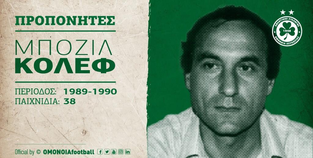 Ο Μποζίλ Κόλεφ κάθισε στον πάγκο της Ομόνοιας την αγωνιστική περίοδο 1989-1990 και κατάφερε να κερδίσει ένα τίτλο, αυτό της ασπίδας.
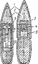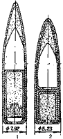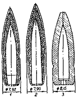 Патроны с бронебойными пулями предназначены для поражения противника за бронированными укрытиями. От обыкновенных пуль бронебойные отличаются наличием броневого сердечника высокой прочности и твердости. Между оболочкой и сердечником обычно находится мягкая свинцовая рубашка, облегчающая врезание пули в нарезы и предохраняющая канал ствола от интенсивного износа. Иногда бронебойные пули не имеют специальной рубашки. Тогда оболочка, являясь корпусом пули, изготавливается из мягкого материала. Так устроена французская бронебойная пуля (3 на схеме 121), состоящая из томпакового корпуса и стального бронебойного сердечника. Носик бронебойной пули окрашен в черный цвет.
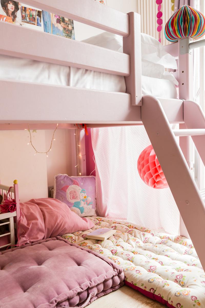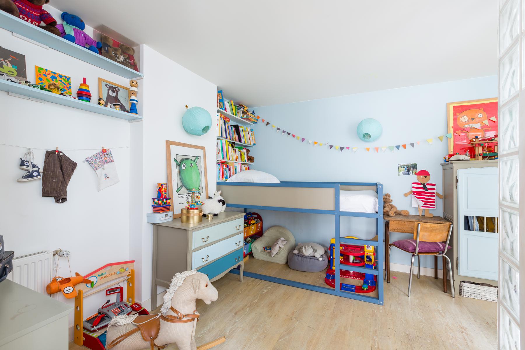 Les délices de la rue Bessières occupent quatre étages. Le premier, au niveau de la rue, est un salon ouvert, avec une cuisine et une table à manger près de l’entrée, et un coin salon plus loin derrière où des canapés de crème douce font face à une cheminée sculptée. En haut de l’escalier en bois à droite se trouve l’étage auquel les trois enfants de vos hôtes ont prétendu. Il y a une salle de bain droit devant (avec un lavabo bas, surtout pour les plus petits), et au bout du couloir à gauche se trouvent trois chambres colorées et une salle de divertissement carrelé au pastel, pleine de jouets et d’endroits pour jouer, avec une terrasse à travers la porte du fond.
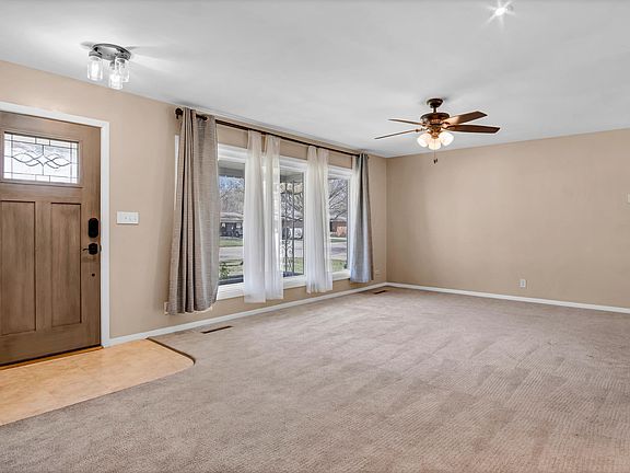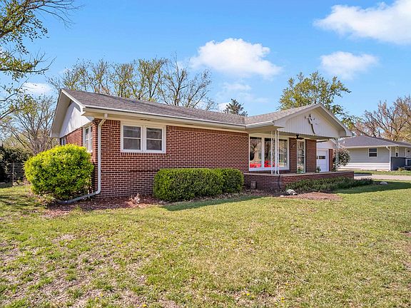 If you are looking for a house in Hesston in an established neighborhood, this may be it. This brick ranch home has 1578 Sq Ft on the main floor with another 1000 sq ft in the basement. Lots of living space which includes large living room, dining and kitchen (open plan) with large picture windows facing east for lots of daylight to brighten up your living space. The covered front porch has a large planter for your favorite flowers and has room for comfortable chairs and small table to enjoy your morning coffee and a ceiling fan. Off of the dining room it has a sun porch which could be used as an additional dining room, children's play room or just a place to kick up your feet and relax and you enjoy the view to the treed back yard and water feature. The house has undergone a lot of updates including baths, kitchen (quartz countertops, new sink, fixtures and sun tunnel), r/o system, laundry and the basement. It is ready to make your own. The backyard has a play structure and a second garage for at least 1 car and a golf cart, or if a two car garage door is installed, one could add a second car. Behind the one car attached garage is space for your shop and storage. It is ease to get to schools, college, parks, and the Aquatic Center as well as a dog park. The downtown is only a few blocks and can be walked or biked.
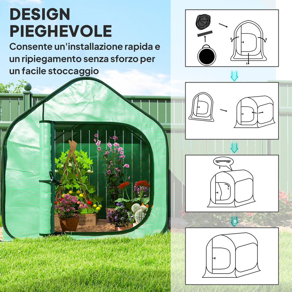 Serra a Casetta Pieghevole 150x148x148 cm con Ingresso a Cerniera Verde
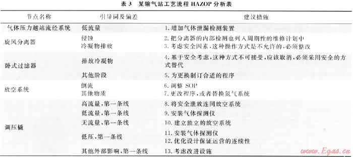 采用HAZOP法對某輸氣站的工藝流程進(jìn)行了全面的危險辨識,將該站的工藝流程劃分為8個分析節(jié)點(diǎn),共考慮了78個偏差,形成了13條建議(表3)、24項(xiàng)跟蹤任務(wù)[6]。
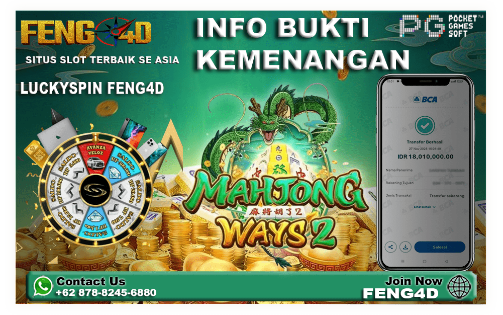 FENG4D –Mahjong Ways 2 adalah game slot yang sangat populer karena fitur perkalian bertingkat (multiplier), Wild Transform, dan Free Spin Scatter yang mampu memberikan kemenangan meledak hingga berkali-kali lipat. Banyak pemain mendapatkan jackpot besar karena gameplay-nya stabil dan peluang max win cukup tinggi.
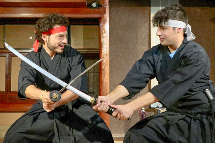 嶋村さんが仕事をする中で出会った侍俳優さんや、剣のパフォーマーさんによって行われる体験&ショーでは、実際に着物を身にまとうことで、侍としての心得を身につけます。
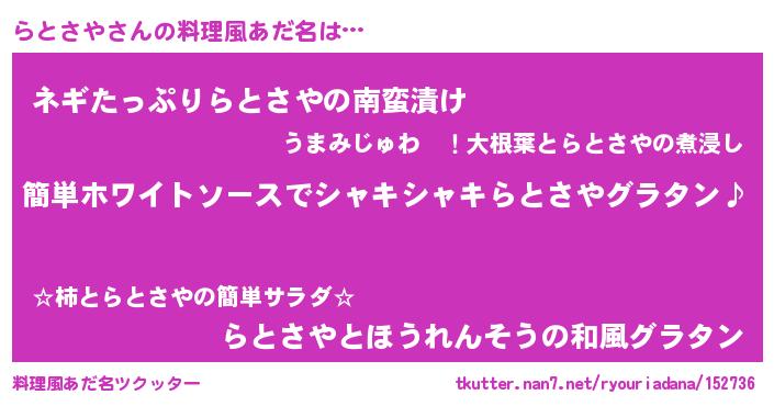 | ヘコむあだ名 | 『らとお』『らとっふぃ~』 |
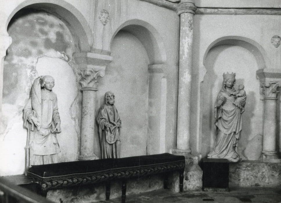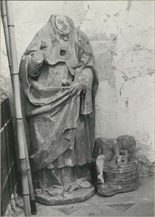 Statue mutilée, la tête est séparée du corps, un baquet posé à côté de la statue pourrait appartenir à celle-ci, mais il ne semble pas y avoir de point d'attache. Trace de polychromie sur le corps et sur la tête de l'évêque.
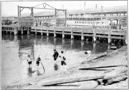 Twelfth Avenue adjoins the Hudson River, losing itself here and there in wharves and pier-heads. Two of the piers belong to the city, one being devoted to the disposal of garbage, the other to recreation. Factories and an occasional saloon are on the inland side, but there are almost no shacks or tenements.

——————

**What the task asks**
Only the line with "Патроны с бронебойными" and those preceding it, back to the first line of the entries, should be repeated exactly, without pictures.

**Task result**
 Ο Μποζίλ Κόλεφ κάθισε στον πάγκο της Ομόνοιας την αγωνιστική περίοδο 1989-1990 και κατάφερε να κερδίσει ένα τίτλο, αυτό της ασπίδας.
 Патроны с бронебойными пулями предназначены для поражения противника за бронированными укрытиями. От обыкновенных пуль бронебойные отличаются наличием броневого сердечника высокой прочности и твердости. Между оболочкой и сердечником обычно находится мягкая свинцовая рубашка, облегчающая врезание пули в нарезы и предохраняющая канал ствола от интенсивного износа. Иногда бронебойные пули не имеют специальной рубашки. Тогда оболочка, являясь корпусом пули, изготавливается из мягкого материала. Так устроена французская бронебойная пуля (3 на схеме 121), состоящая из томпакового корпуса и стального бронебойного сердечника. Носик бронебойной пули окрашен в черный цвет.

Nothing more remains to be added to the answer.